* **What you need to do**: Carry none of the pictures over; write out the complete data exactly.

* **Data records**:
——————————

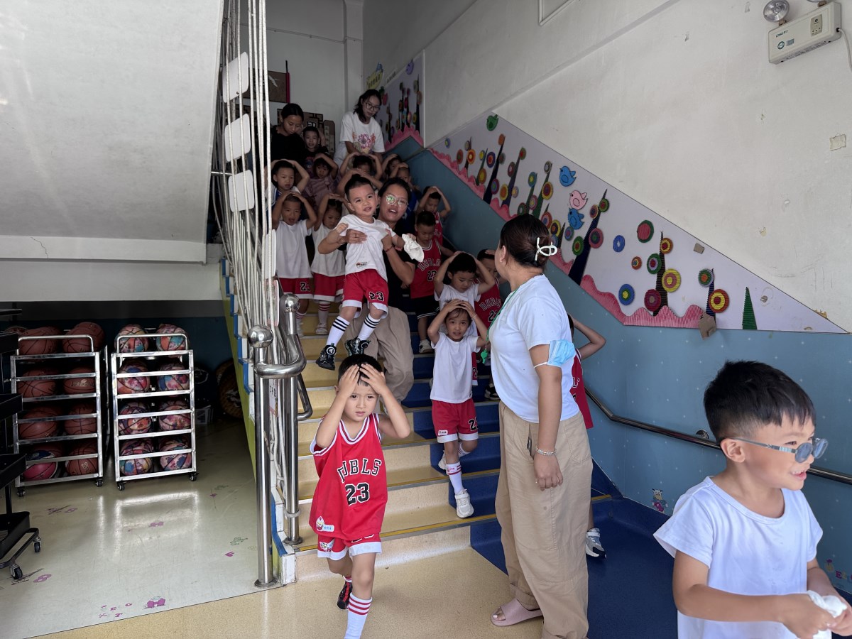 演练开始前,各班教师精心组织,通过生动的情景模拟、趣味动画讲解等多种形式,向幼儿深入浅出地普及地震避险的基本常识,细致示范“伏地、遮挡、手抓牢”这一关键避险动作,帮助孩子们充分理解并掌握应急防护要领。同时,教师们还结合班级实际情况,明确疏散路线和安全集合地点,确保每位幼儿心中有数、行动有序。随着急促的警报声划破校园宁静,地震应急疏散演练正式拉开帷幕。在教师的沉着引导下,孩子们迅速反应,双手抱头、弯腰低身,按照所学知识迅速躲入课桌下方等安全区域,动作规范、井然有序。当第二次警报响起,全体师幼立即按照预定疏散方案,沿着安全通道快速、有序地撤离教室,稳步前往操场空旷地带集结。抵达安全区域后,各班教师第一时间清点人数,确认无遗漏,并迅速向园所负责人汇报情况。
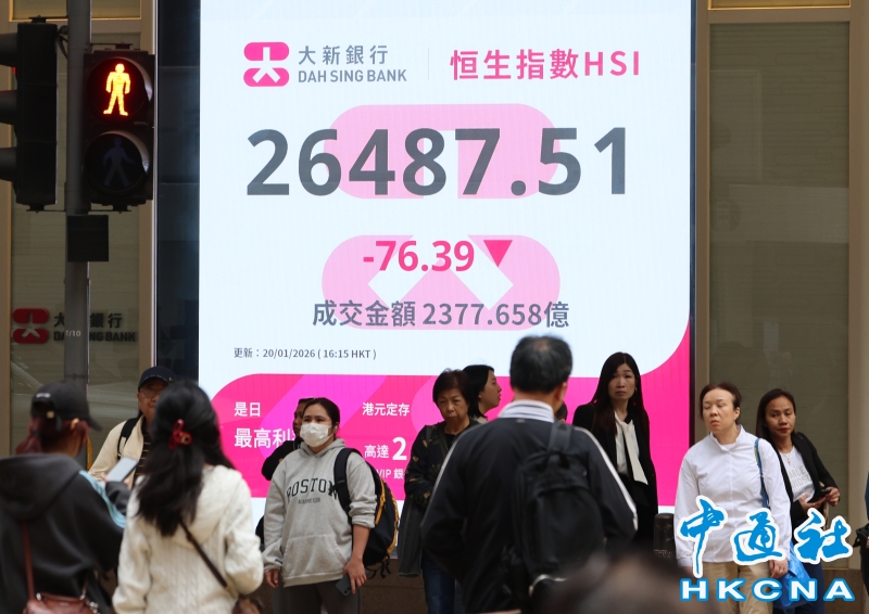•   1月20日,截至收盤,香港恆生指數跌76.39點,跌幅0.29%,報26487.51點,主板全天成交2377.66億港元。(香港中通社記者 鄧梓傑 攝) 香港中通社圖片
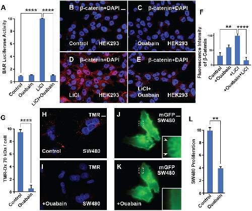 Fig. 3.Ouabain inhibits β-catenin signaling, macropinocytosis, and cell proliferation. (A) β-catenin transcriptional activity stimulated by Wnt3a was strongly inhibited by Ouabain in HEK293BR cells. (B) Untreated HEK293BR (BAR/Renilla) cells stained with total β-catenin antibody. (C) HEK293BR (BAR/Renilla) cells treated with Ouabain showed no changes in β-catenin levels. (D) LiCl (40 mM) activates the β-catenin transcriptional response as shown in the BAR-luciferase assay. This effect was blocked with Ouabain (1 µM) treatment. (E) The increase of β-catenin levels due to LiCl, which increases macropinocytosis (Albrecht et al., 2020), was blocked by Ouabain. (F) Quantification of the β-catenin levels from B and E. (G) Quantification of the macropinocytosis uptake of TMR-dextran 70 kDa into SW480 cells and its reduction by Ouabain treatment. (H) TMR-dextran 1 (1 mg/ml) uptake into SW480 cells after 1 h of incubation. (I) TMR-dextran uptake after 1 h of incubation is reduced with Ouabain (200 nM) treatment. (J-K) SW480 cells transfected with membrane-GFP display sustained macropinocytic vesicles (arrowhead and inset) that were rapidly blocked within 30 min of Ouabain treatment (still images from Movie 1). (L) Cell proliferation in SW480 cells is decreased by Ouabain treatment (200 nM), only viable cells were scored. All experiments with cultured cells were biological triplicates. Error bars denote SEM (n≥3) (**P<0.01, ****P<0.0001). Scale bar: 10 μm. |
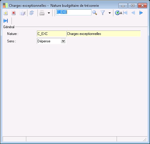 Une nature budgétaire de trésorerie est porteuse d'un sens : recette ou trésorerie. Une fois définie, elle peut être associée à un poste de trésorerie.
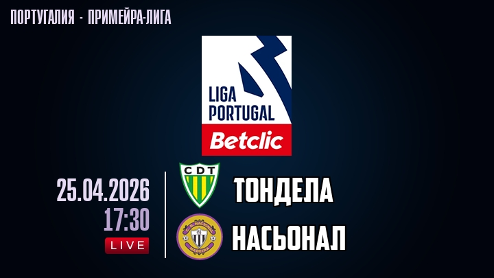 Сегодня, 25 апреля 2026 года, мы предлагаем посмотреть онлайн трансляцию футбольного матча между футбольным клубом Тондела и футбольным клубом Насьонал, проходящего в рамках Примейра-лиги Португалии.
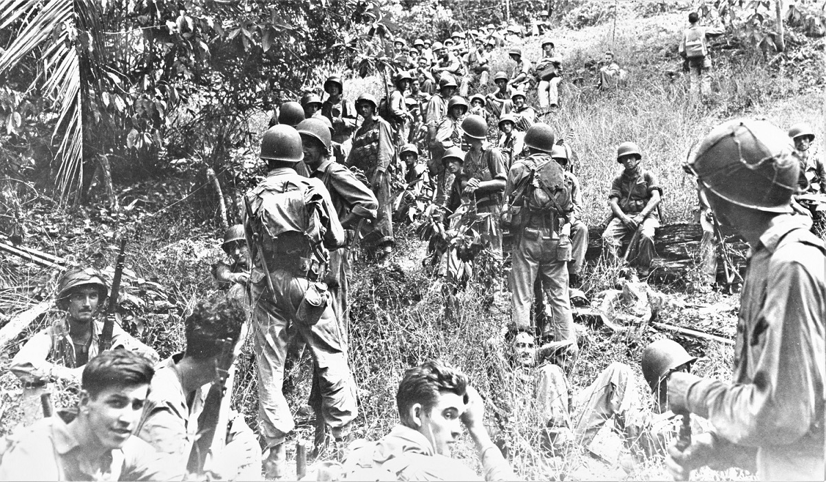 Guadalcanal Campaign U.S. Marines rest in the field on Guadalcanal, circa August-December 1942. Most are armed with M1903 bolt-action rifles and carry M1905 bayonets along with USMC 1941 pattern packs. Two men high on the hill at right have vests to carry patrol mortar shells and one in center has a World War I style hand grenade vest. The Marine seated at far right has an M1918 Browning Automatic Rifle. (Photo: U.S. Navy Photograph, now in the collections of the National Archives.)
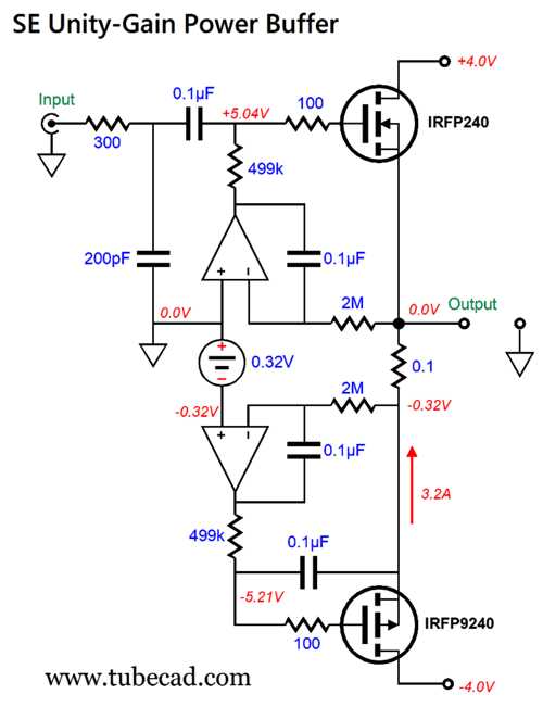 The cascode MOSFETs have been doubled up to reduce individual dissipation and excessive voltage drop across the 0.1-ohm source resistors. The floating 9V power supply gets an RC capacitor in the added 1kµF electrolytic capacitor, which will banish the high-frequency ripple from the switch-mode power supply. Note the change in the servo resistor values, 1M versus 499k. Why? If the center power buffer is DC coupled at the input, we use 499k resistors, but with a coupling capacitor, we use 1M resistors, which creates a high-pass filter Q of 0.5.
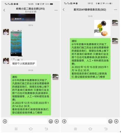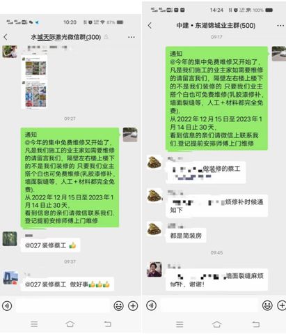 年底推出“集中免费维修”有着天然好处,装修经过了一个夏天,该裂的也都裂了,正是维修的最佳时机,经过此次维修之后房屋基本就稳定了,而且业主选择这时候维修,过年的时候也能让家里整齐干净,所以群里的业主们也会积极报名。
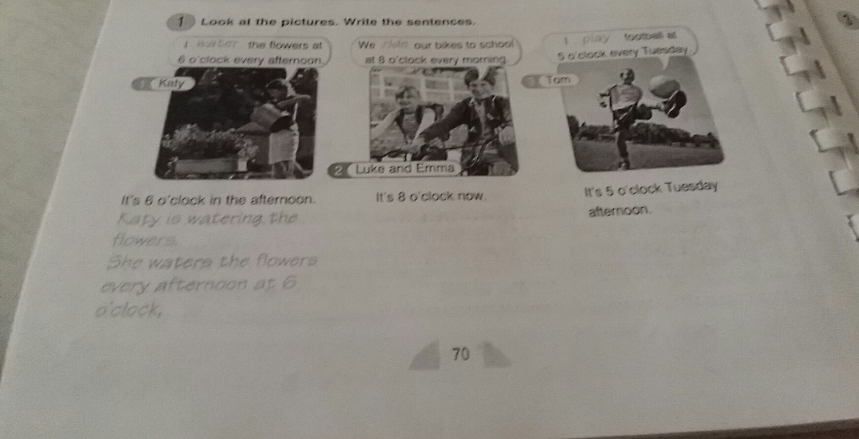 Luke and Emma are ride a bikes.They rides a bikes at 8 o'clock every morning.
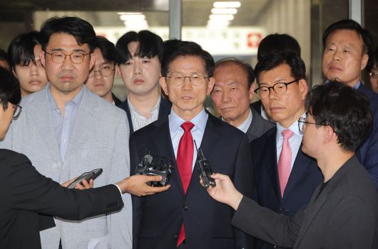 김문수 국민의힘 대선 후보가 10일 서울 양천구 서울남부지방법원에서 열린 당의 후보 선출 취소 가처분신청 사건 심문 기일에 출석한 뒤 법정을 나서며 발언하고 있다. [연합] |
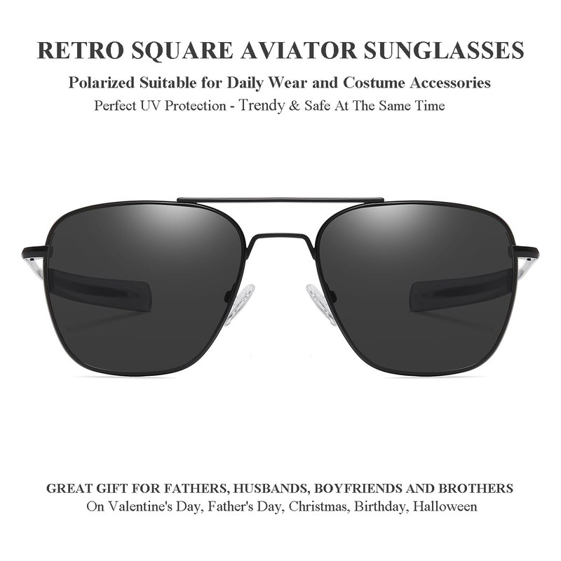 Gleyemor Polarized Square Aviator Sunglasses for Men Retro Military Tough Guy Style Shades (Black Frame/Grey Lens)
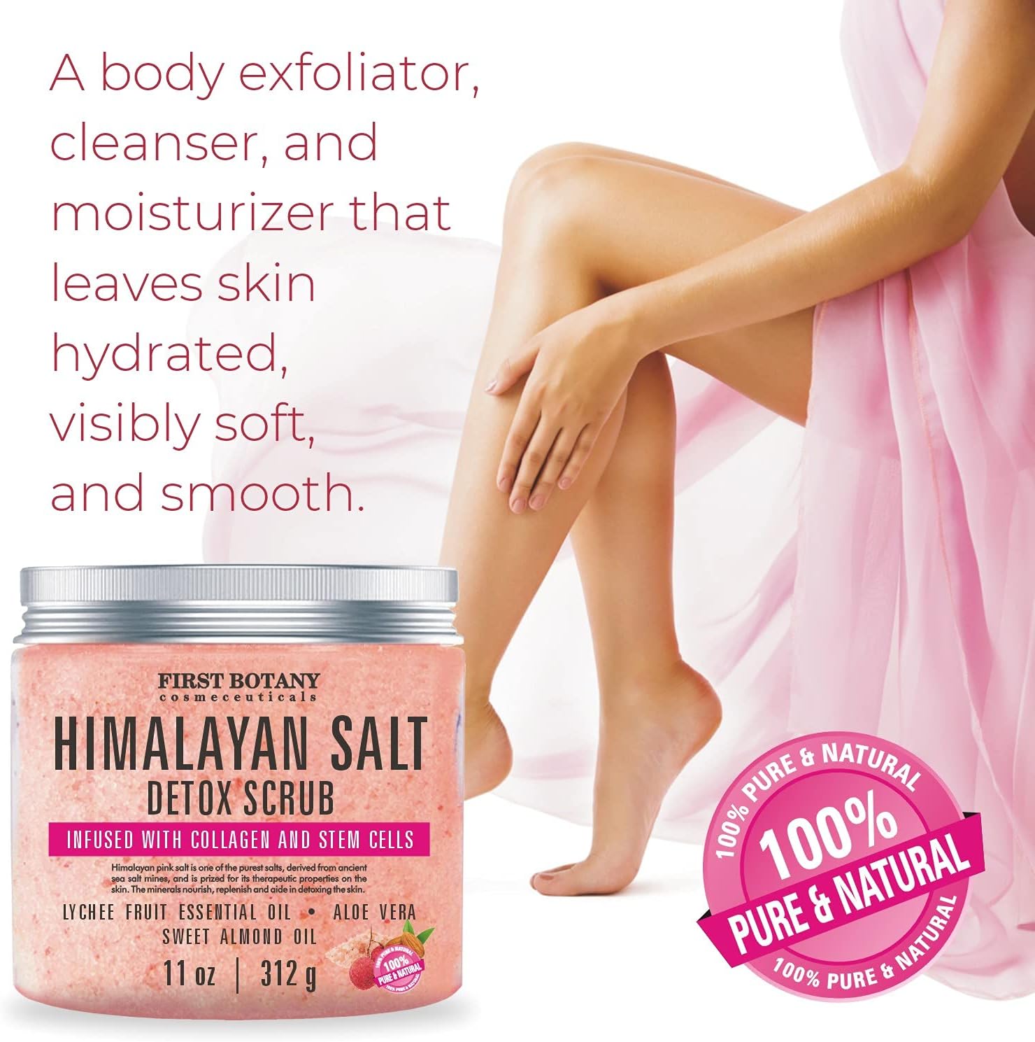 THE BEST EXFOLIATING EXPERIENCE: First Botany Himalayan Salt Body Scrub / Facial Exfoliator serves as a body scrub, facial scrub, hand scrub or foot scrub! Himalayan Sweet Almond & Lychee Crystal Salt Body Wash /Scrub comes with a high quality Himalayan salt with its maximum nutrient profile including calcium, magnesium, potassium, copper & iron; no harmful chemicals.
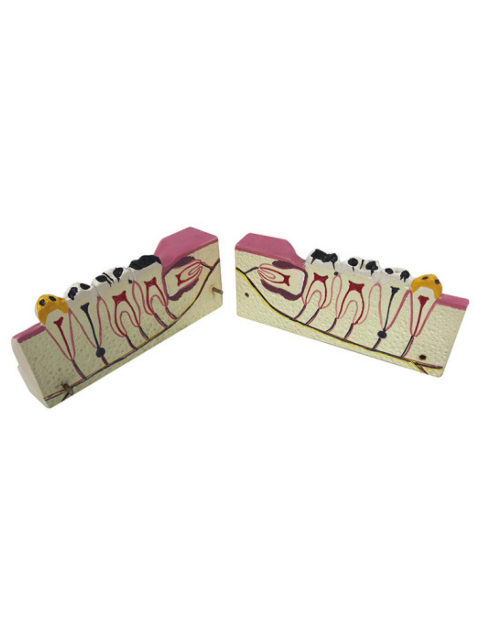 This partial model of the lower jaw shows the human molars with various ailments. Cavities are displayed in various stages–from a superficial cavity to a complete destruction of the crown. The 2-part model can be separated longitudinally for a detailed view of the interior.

——————————

* **Response**:
 演练开始前,各班教师精心组织,通过生动的情景模拟、趣味动画讲解等多种形式,向幼儿深入浅出地普及地震避险的基本常识,细致示范“伏地、遮挡、手抓牢”这一关键避险动作,帮助孩子们充分理解并掌握应急防护要领。同时,教师们还结合班级实际情况,明确疏散路线和安全集合地点,确保每位幼儿心中有数、行动有序。随着急促的警报声划破校园宁静,地震应急疏散演练正式拉开帷幕。在教师的沉着引导下,孩子们迅速反应,双手抱头、弯腰低身,按照所学知识迅速躲入课桌下方等安全区域,动作规范、井然有序。当第二次警报响起,全体师幼立即按照预定疏散方案,沿着安全通道快速、有序地撤离教室,稳步前往操场空旷地带集结。抵达安全区域后,各班教师第一时间清点人数,确认无遗漏,并迅速向园所负责人汇报情况。
•   1月20日,截至收盤,香港恆生指數跌76.39點,跌幅0.29%,報26487.51點,主板全天成交2377.66億港元。(香港中通社記者 鄧梓傑 攝) 香港中通社圖片
 Fig. 3.Ouabain inhibits β-catenin signaling, macropinocytosis, and cell proliferation. (A) β-catenin transcriptional activity stimulated by Wnt3a was strongly inhibited by Ouabain in HEK293BR cells. (B) Untreated HEK293BR (BAR/Renilla) cells stained with total β-catenin antibody. (C) HEK293BR (BAR/Renilla) cells treated with Ouabain showed no changes in β-catenin levels. (D) LiCl (40 mM) activates the β-catenin transcriptional response as shown in the BAR-luciferase assay. This effect was blocked with Ouabain (1 µM) treatment. (E) The increase of β-catenin levels due to LiCl, which increases macropinocytosis (Albrecht et al., 2020), was blocked by Ouabain. (F) Quantification of the β-catenin levels from B and E. (G) Quantification of the macropinocytosis uptake of TMR-dextran 70 kDa into SW480 cells and its reduction by Ouabain treatment. (H) TMR-dextran 1 (1 mg/ml) uptake into SW480 cells after 1 h of incubation. (I) TMR-dextran uptake after 1 h of incubation is reduced with Ouabain (200 nM) treatment. (J-K) SW480 cells transfected with membrane-GFP display sustained macropinocytic vesicles (arrowhead and inset) that were rapidly blocked within 30 min of Ouabain treatment (still images from Movie 1). (L) Cell proliferation in SW480 cells is decreased by Ouabain treatment (200 nM), only viable cells were scored. All experiments with cultured cells were biological triplicates. Error bars denote SEM (n≥3) (**P<0.01, ****P<0.0001). Scale bar: 10 μm. |
 Une nature budgétaire de trésorerie est porteuse d'un sens : recette ou trésorerie. Une fois définie, elle peut être associée à un poste de trésorerie.
 Сегодня, 25 апреля 2026 года, мы предлагаем посмотреть онлайн трансляцию футбольного матча между футбольным клубом Тондела и футбольным клубом Насьонал, проходящего в рамках Примейра-лиги Португалии.
 Guadalcanal Campaign U.S. Marines rest in the field on Guadalcanal, circa August-December 1942. Most are armed with M1903 bolt-action rifles and carry M1905 bayonets along with USMC 1941 pattern packs. Two men high on the hill at right have vests to carry patrol mortar shells and one in center has a World War I style hand grenade vest. The Marine seated at far right has an M1918 Browning Automatic Rifle. (Photo: U.S. Navy Photograph, now in the collections of the National Archives.)
 The cascode MOSFETs have been doubled up to reduce individual dissipation and excessive voltage drop across the 0.1-ohm source resistors. The floating 9V power supply gets an RC capacitor in the added 1kµF electrolytic capacitor, which will banish the high-frequency ripple from the switch-mode power supply. Note the change in the servo resistor values, 1M versus 499k. Why? If the center power buffer is DC coupled at the input, we use 499k resistors, but with a coupling capacitor, we use 1M resistors, which creates a high-pass filter Q of 0.5.
 年底推出“集中免费维修”有着天然好处,装修经过了一个夏天,该裂的也都裂了,正是维修的最佳时机,经过此次维修之后房屋基本就稳定了,而且业主选择这时候维修,过年的时候也能让家里整齐干净,所以群里的业主们也会积极报名。
 Luke and Emma are ride a bikes.They rides a bikes at 8 o'clock every morning.
 김문수 국민의힘 대선 후보가 10일 서울 양천구 서울남부지방법원에서 열린 당의 후보 선출 취소 가처분신청 사건 심문 기일에 출석한 뒤 법정을 나서며 발언하고 있다. [연합] |
 Gleyemor Polarized Square Aviator Sunglasses for Men Retro Military Tough Guy Style Shades (Black Frame/Grey Lens)
 THE BEST EXFOLIATING EXPERIENCE: First Botany Himalayan Salt Body Scrub / Facial Exfoliator serves as a body scrub, facial scrub, hand scrub or foot scrub! Himalayan Sweet Almond & Lychee Crystal Salt Body Wash /Scrub comes with a high quality Himalayan salt with its maximum nutrient profile including calcium, magnesium, potassium, copper & iron; no harmful chemicals.
 This partial model of the lower jaw shows the human molars with various ailments. Cavities are displayed in various stages–from a superficial cavity to a complete destruction of the crown. The 2-part model can be separated longitudinally for a detailed view of the interior.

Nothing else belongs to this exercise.